Merin sah sich wachsam um, bevor er den steilen Hang erkletterte. Ähnlich wie bei der Klippe im Wald gab es auch hier einen Weg, nach oben zu gelangen. Doch wenn man den Weg nicht kannte, riskierte man, in den Abgrund unter der Brücke zu stürzen und sich alle Knochen zu brechen.
Merin hangelte sich geschickt über die Steine, den Großvaterberg hinauf. Es dauerte nicht lange, da erreichte er die offene Seite der Feste des Königs. Lautlos und ungesehen sprang er über die niedrige Brustwehr und war im Gebäude.
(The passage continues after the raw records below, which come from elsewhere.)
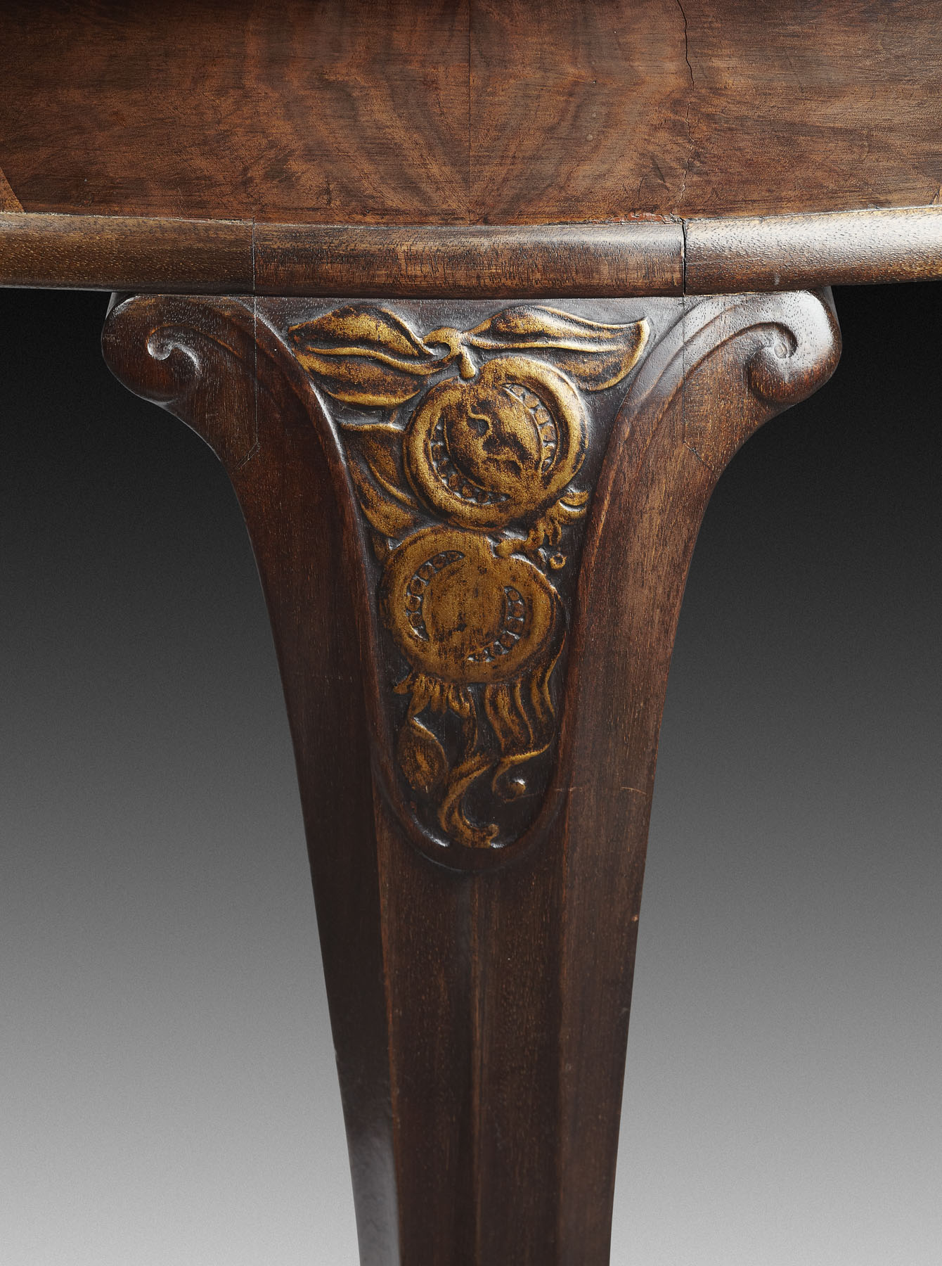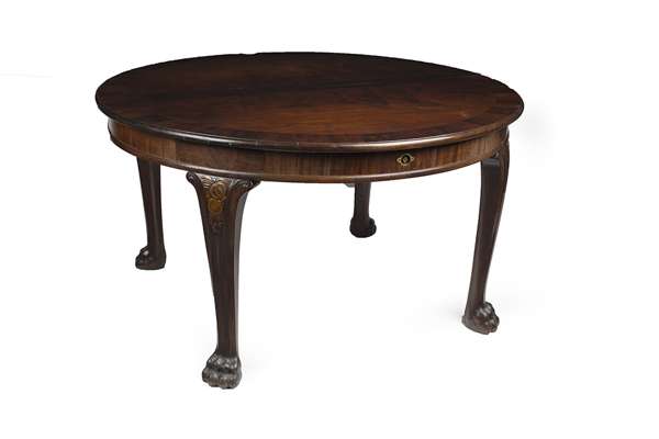 the D-end crossbanded top over a plain frieze, raised on tapering legs capped by carved fruit and foliate gilt panels and terminating on paw feet,the mechanical extending action with four leaves and crank
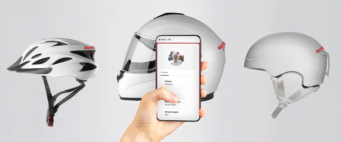 Il suffit de coller LifeStick RIDE sur votre casque pour permettre aux services de secours ou aux premiers témoins d'accéder rapidement et simplement à vos informations vitales et contacts d'urgence.
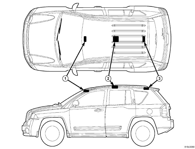 - Rear Dome Lamp (2) - A rear dome lamp is optional equipment on vehicles manufactured for domestic markets. This lamp is located near the center of the headliner over the rear seating area and is controlled by the courtesy lamp circuit. On vehicles manufactured for certain export markets where an intrusion system is a required feature of the Vehicle Theft Security System (VTSS), a rear dome lamp is located near the center of the headliner over the rear seating area. This dome lamp houses an integral Intrusion Transceiver Module (ITM) and is controlled by the courtesy lamp circuit.
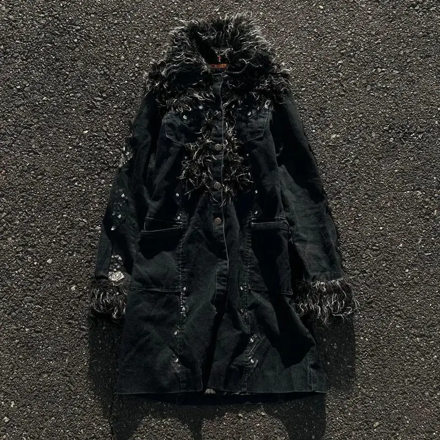 퍼 트리밍 블랙 데님 롱 코트 시크 스타일 그런지
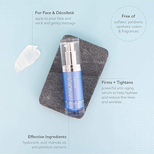Anora Skincare Anti-Aging Serum is formulated with plant, fruit, and plankton extracts to help diminish the appearance of stubborn fine lines and wrinkles with botulinum toxin-like effects without the use of injections. This anti-aging serum contains a purified synergistic enzyme concentrate to help repair cellular DNA damage caused by exposure to UV rays, while also delivering intense hydrating, cooling, and soothing effects to your skin.
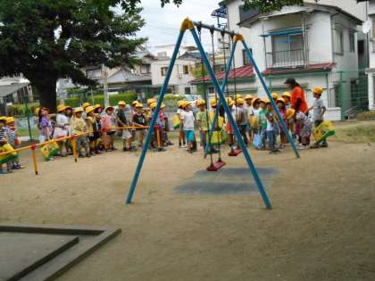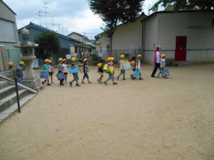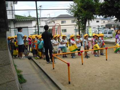 1年生のまち探検です。太子田神社につきました。ベンチの使い方、遊具の使い方を先生から教わっています。あたりまえのことだけど、それができれば安心な街になります。
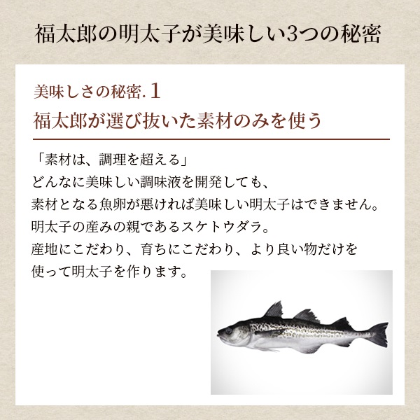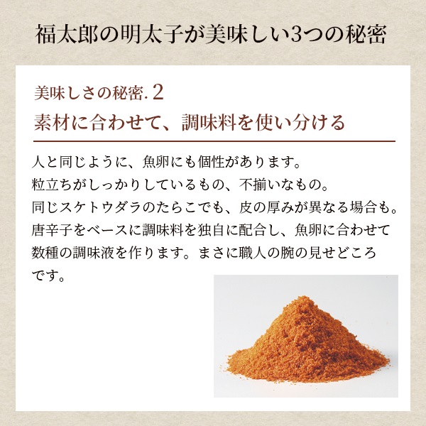 もっとも身が締まり、粒立ちが際立つ時期の恵みを、福太郎独自の製法で、一腹一腹丹念に選別して漬け込みました。
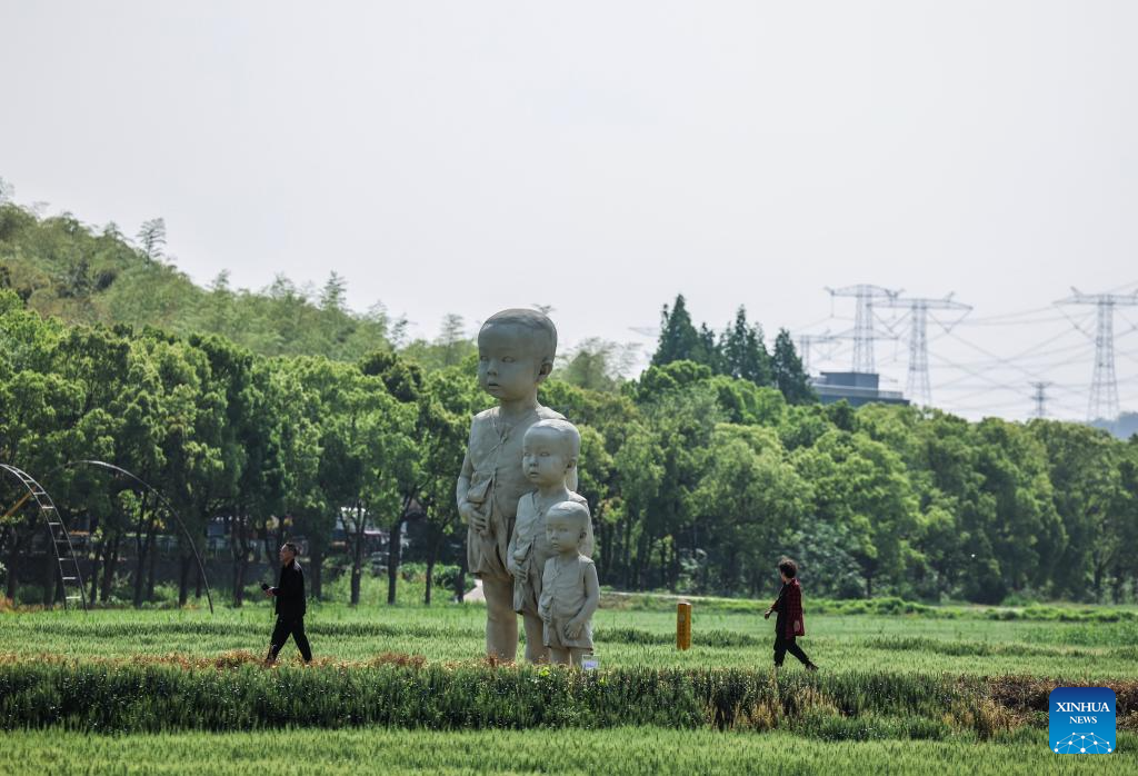 Villagers walk past an exhibited art work in the fields in Donglin Town, Huzhou City of east China's Zhejiang Province, on April 25, 2025. A land art event kicked off in the wheat fields in Donglin Town on Friday. Teachers and students from many Chinese fine arts academies formed the core creative team, producing 42 land art pieces here.
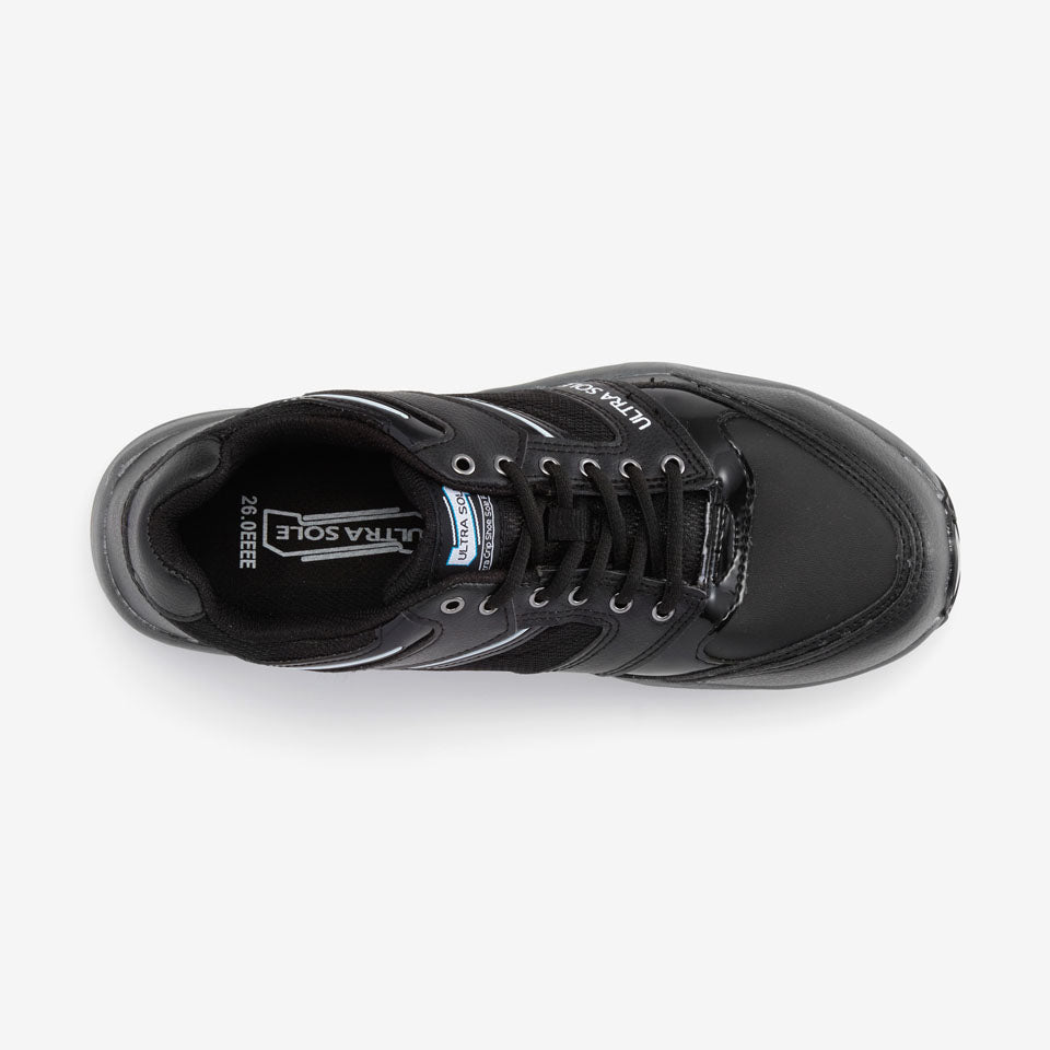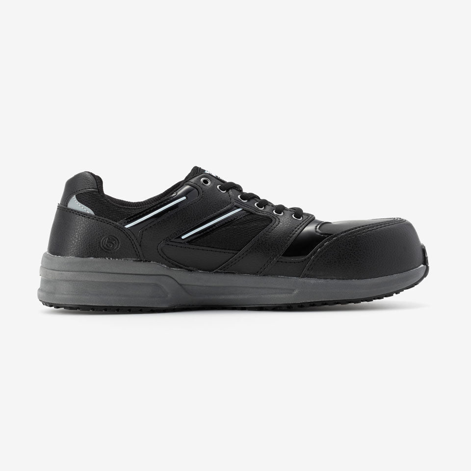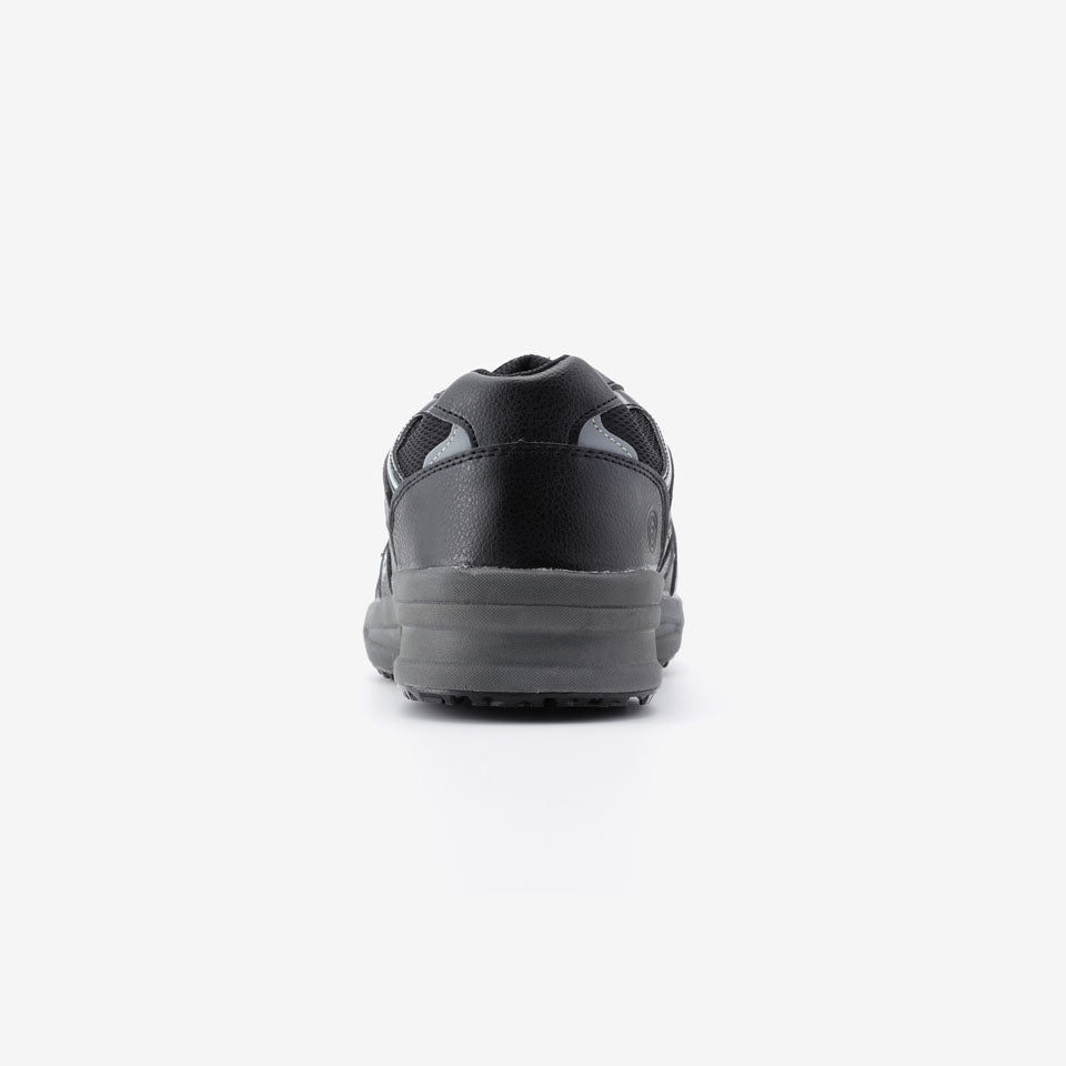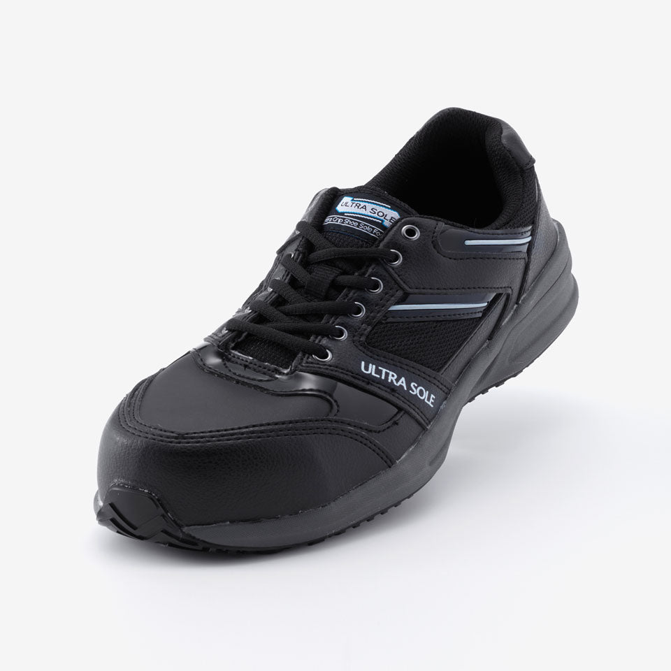 丸五が開発した耐滑底『ウルトラソール』仕様のプロスニーカー。水、油膜などの床面で縦方向だけでなく、横方向でも強力な耐滑性能を発揮します。またクッション性の優れた肉厚のEVAミッドソールは、足への負担を軽減します。
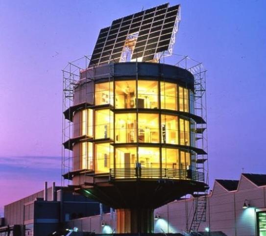首先是由德国设计师Rolf Disch设计名叫Heliotrope的太阳能建筑,Heliotrope是世界上第一个采用“积极能源”的房屋,并且可以产生比日常用电量多五倍的太阳能电量。在Heliotrope顶部排列了巨大的太阳能电池阵列,并且整个结构可以180度旋转,始终对着太阳的方向收集能源。
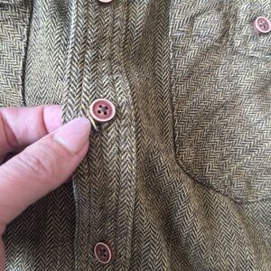 No stains. Preloved condition. Some loose threads on 1 button hole that isn’t visible when worn.
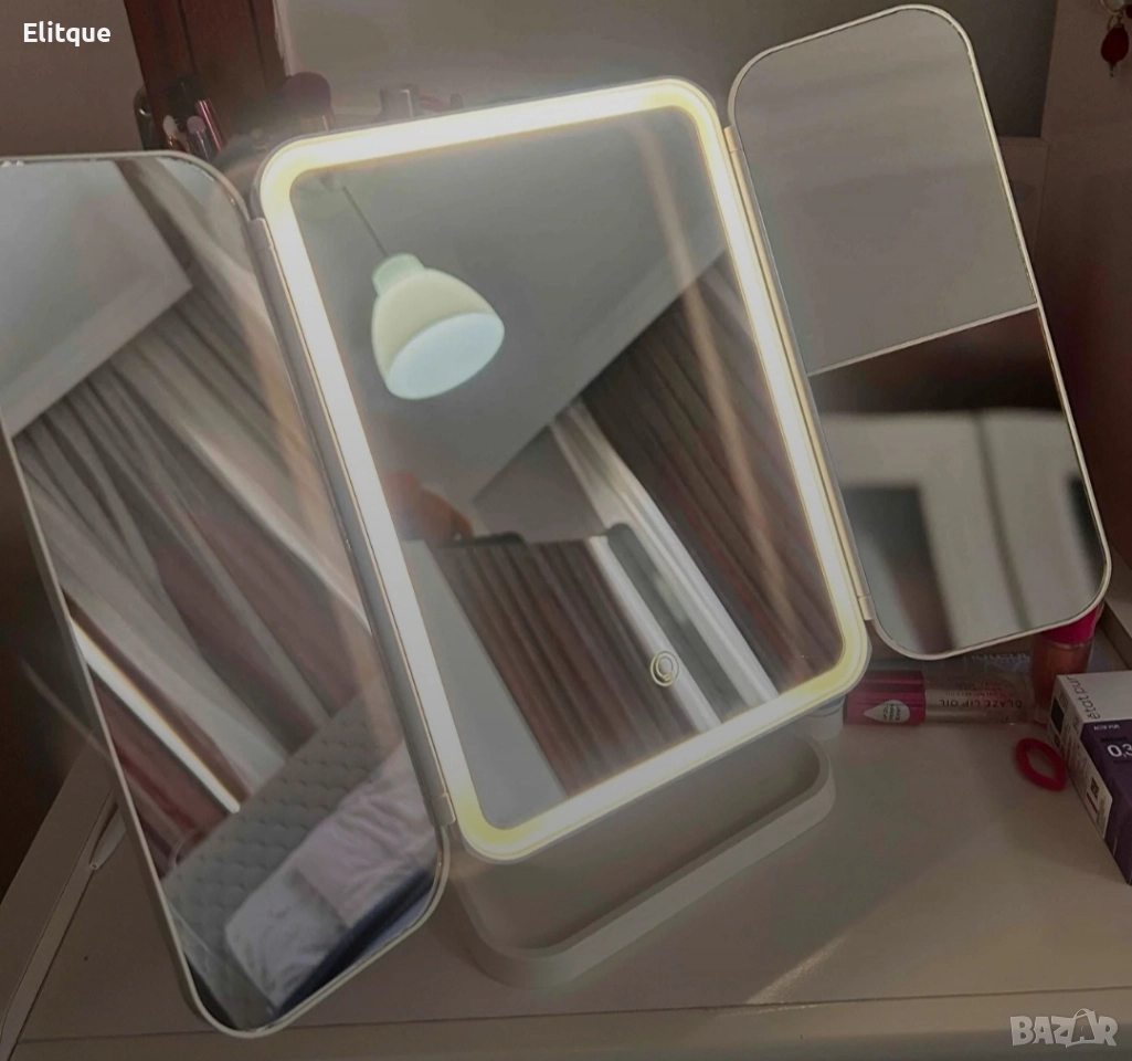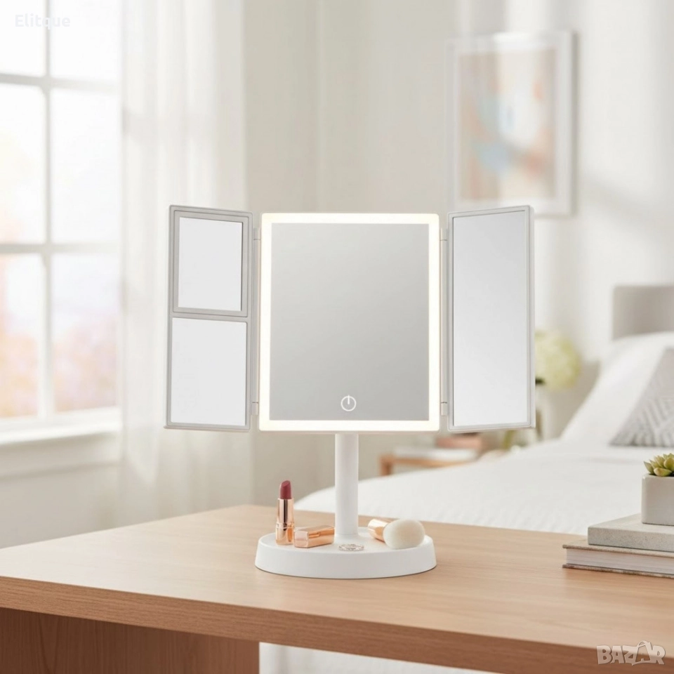 💡 Преносимо LED огледало за тоалетка – перфектно за грим Цена: 13 € Стилно и функционално огледало с висока разделителна способност, което улеснява нанасянето на грим и ежедневната грижа за лицето. ✨ Основни характеристики: Троен сгъваем дизайн: Панорамно виждане от три ъгъла. Страничните огледала са идеални за очна линия, контуриране и детайлна работа. LED осветление със сензорен бутон: Централното огледало е обградено от ярка, но щадяща очите LED лента. Регулира се лесно с едно докосване. Стабилна стойка с органайзер: Кръглата основа държи огледалото стабилно и служи за червила, бижута или други аксесоари. 🎨 Цвят: Бял 🧵 Материал на рамката: ABS 🚚 Доставка: С Еконт – с опция преглед и тест

Niemand war zu sehen. Keine Gegner, keine Soldaten, keine Wachen. Die Burg war wie ausgestorben. Merin drehte lauschend den Kopf in alle Richtungen und gab sich Mühe, den keuchenden Atem unter Kontrolle zu halten.
Er vernahm kein Geräusch außer dem prasselnden Regen. Dafür fiel ihm ein dunklerer Streifen auf dem Boden ins Auge. Leise schlich er dorthin, bereit, bei dem kleinsten Geräusch die Flucht zu ergreifen.
Er kniete sich neben die beschmierten Steinplatten. Der Streifen war eine Schleifspur aus einer dunklen, angetrockneten Flüssigkeit.
Blut.
Merin schluckte, dann hob er den Blick und schaute, wohin die Spur verlief. Sie kam offensichtlich vom Eingang, dort begannen die Blutstropfen. Es musste einen Kampf gegeben haben, die Verletzten – oder Toten – hatte man die Treppe herab ins Untergeschoss geschleift.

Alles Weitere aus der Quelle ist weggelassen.